_Your objective_: Leave out the pictures and restate the rest of the data exactly.
· · · · ·
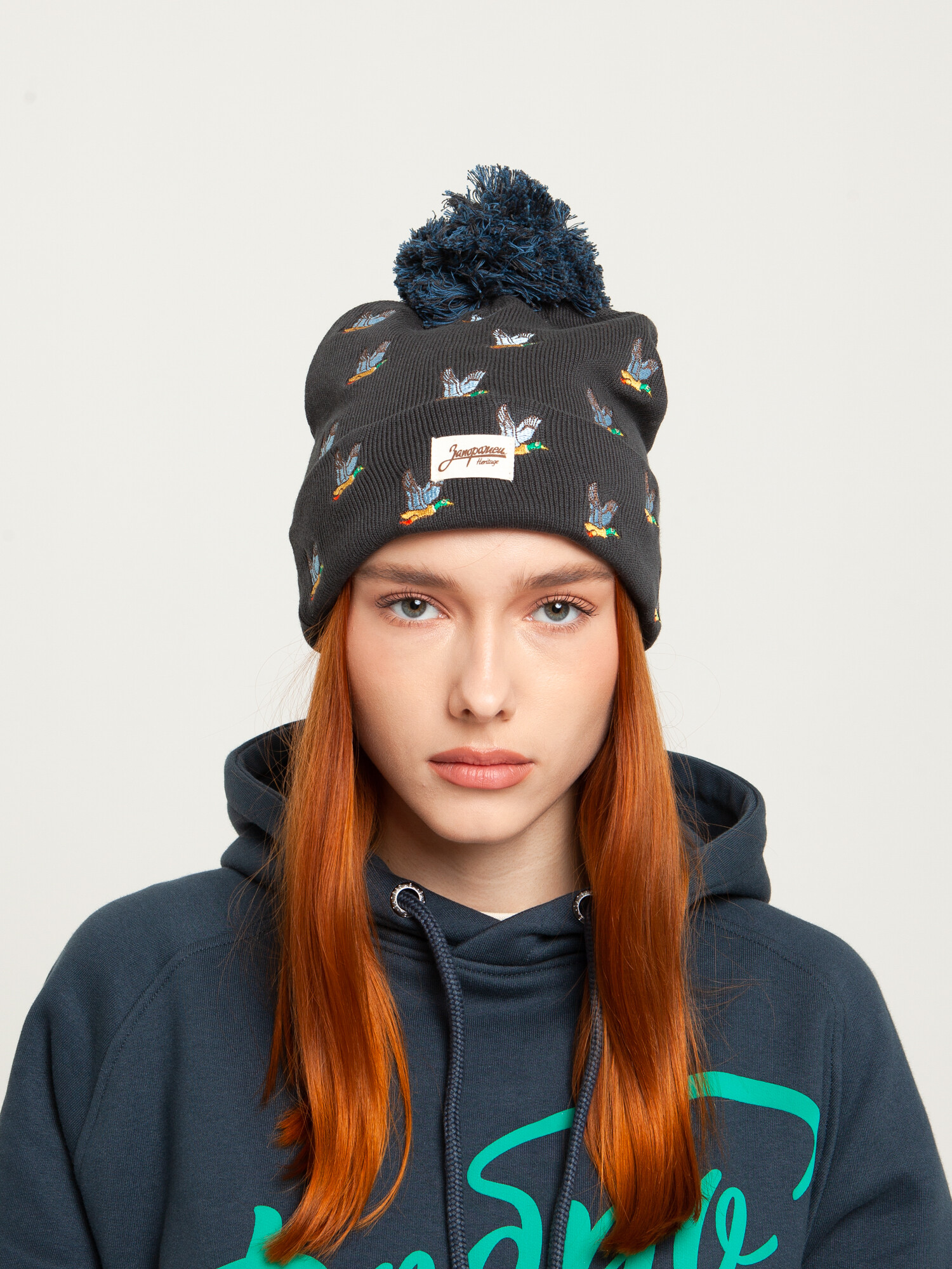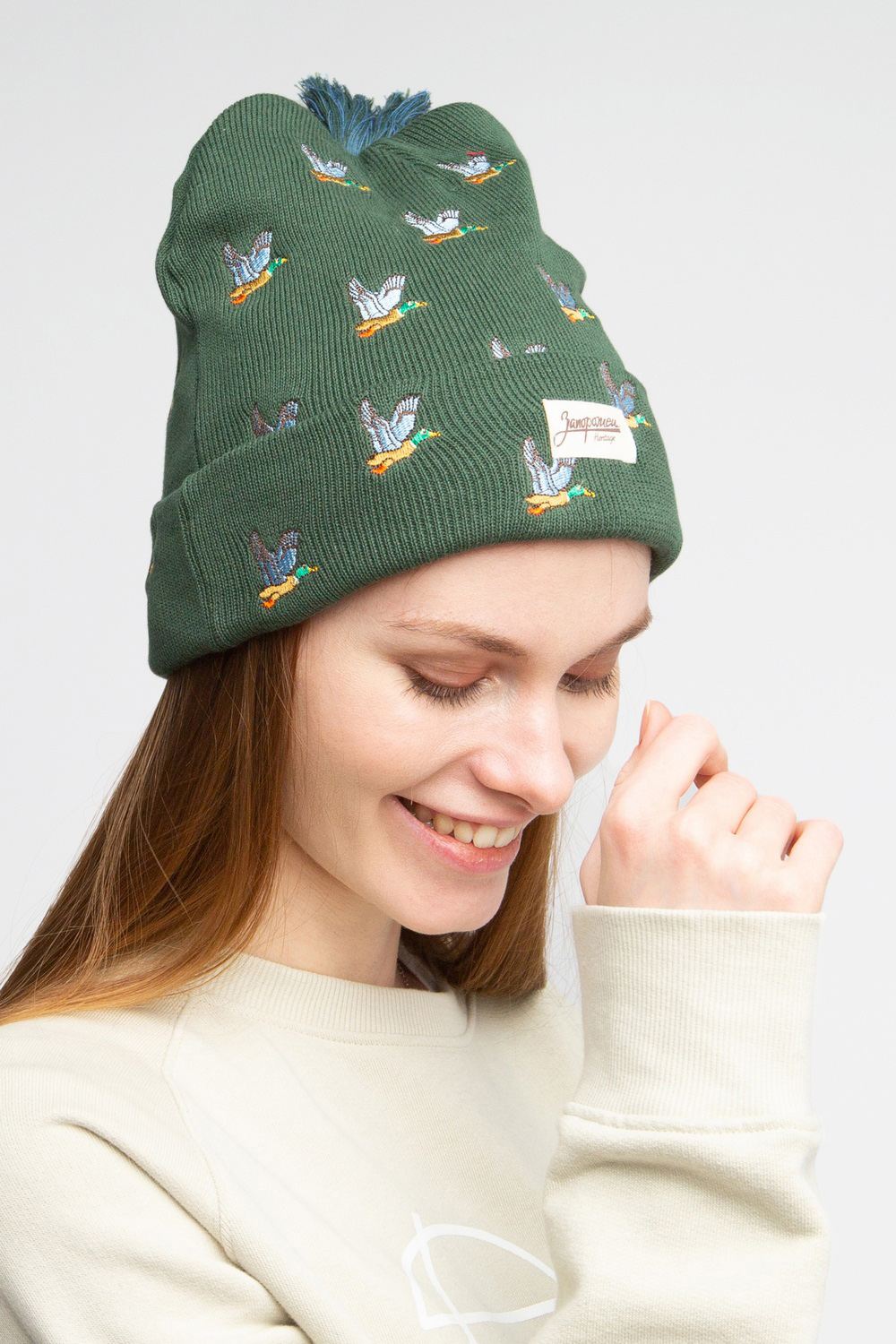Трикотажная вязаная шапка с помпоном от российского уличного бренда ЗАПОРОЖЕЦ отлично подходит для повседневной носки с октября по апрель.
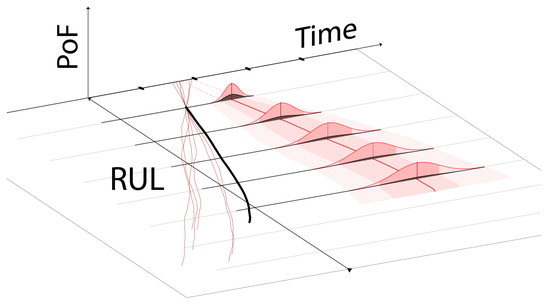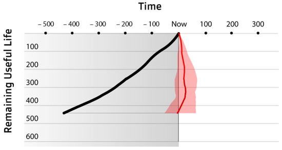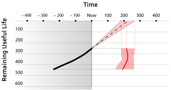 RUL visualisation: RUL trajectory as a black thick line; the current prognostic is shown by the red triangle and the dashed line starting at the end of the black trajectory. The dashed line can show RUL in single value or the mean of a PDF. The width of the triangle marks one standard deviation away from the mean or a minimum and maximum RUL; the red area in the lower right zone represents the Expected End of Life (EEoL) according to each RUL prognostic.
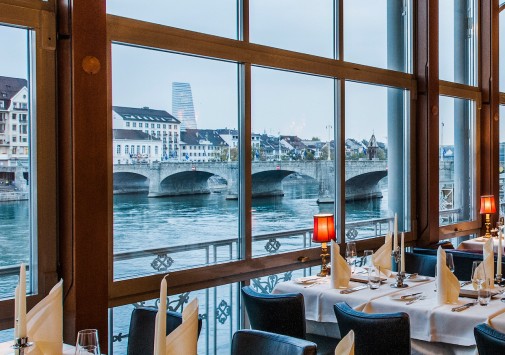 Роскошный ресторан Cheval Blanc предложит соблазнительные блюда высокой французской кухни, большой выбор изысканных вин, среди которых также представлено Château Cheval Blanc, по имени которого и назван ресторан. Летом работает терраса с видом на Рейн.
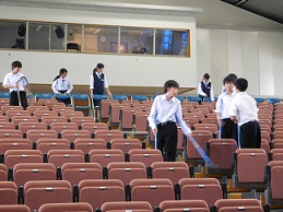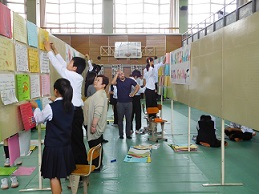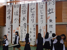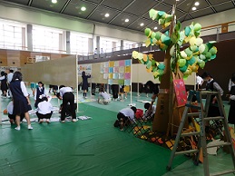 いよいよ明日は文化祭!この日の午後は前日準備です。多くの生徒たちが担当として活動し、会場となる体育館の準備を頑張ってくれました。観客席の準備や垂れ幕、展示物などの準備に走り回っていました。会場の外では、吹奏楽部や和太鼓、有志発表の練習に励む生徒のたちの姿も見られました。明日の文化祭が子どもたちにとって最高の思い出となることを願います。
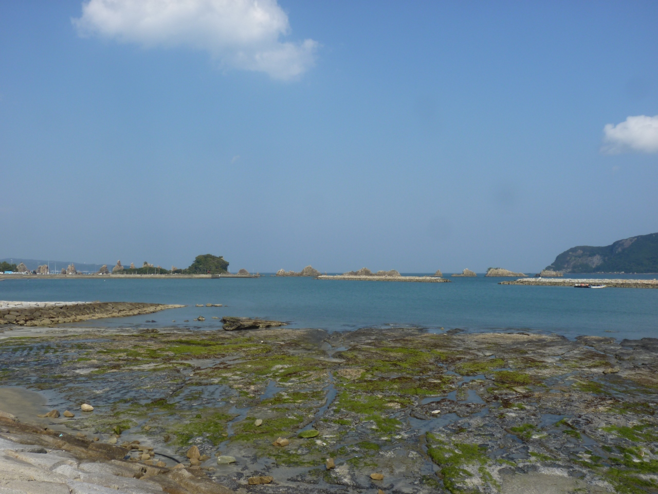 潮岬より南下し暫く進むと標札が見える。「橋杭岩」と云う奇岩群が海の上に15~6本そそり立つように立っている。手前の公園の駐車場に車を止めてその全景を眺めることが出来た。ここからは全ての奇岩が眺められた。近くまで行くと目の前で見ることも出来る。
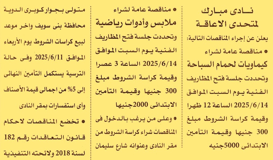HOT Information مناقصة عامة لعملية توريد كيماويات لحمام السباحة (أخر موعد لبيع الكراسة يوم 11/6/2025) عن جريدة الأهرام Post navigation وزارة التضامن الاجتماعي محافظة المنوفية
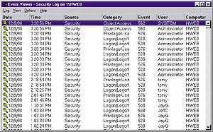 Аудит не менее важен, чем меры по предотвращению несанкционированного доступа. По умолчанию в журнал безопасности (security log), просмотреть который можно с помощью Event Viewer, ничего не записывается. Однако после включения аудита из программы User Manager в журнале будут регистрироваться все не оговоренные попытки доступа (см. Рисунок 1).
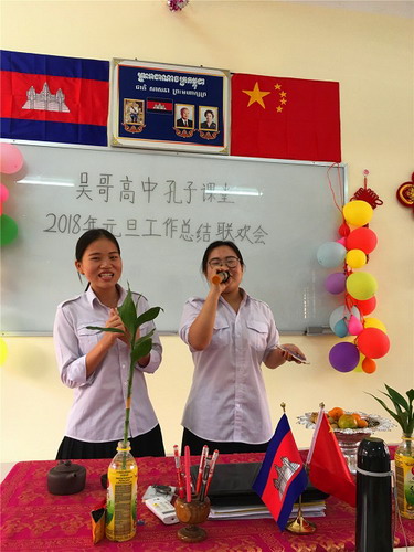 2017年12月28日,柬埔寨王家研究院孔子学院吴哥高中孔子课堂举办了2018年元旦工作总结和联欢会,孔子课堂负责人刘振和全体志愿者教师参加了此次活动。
· · · · ·
_Response area_:
Трикотажная вязаная шапка с помпоном от российского уличного бренда ЗАПОРОЖЕЦ отлично подходит для повседневной носки с октября по апрель.
 RUL visualisation: RUL trajectory as a black thick line; the current prognostic is shown by the red triangle and the dashed line starting at the end of the black trajectory. The dashed line can show RUL in single value or the mean of a PDF. The width of the triangle marks one standard deviation away from the mean or a minimum and maximum RUL; the red area in the lower right zone represents the Expected End of Life (EEoL) according to each RUL prognostic.
 Роскошный ресторан Cheval Blanc предложит соблазнительные блюда высокой французской кухни, большой выбор изысканных вин, среди которых также представлено Château Cheval Blanc, по имени которого и назван ресторан. Летом работает терраса с видом на Рейн.
 いよいよ明日は文化祭!この日の午後は前日準備です。多くの生徒たちが担当として活動し、会場となる体育館の準備を頑張ってくれました。観客席の準備や垂れ幕、展示物などの準備に走り回っていました。会場の外では、吹奏楽部や和太鼓、有志発表の練習に励む生徒のたちの姿も見られました。明日の文化祭が子どもたちにとって最高の思い出となることを願います。
 潮岬より南下し暫く進むと標札が見える。「橋杭岩」と云う奇岩群が海の上に15~6本そそり立つように立っている。手前の公園の駐車場に車を止めてその全景を眺めることが出来た。ここからは全ての奇岩が眺められた。近くまで行くと目の前で見ることも出来る。
HOT Information مناقصة عامة لعملية توريد كيماويات لحمام السباحة (أخر موعد لبيع الكراسة يوم 11/6/2025) عن جريدة الأهرام Post navigation وزارة التضامن الاجتماعي محافظة المنوفية
 Аудит не менее важен, чем меры по предотвращению несанкционированного доступа. По умолчанию в журнал безопасности (security log), просмотреть который можно с помощью Event Viewer, ничего не записывается. Однако после включения аудита из программы User Manager в журнале будут регистрироваться все не оговоренные попытки доступа (см. Рисунок 1).
 2017年12月28日,柬埔寨王家研究院孔子学院吴哥高中孔子课堂举办了2018年元旦工作总结和联欢会,孔子课堂负责人刘振和全体志愿者教师参加了此次活动。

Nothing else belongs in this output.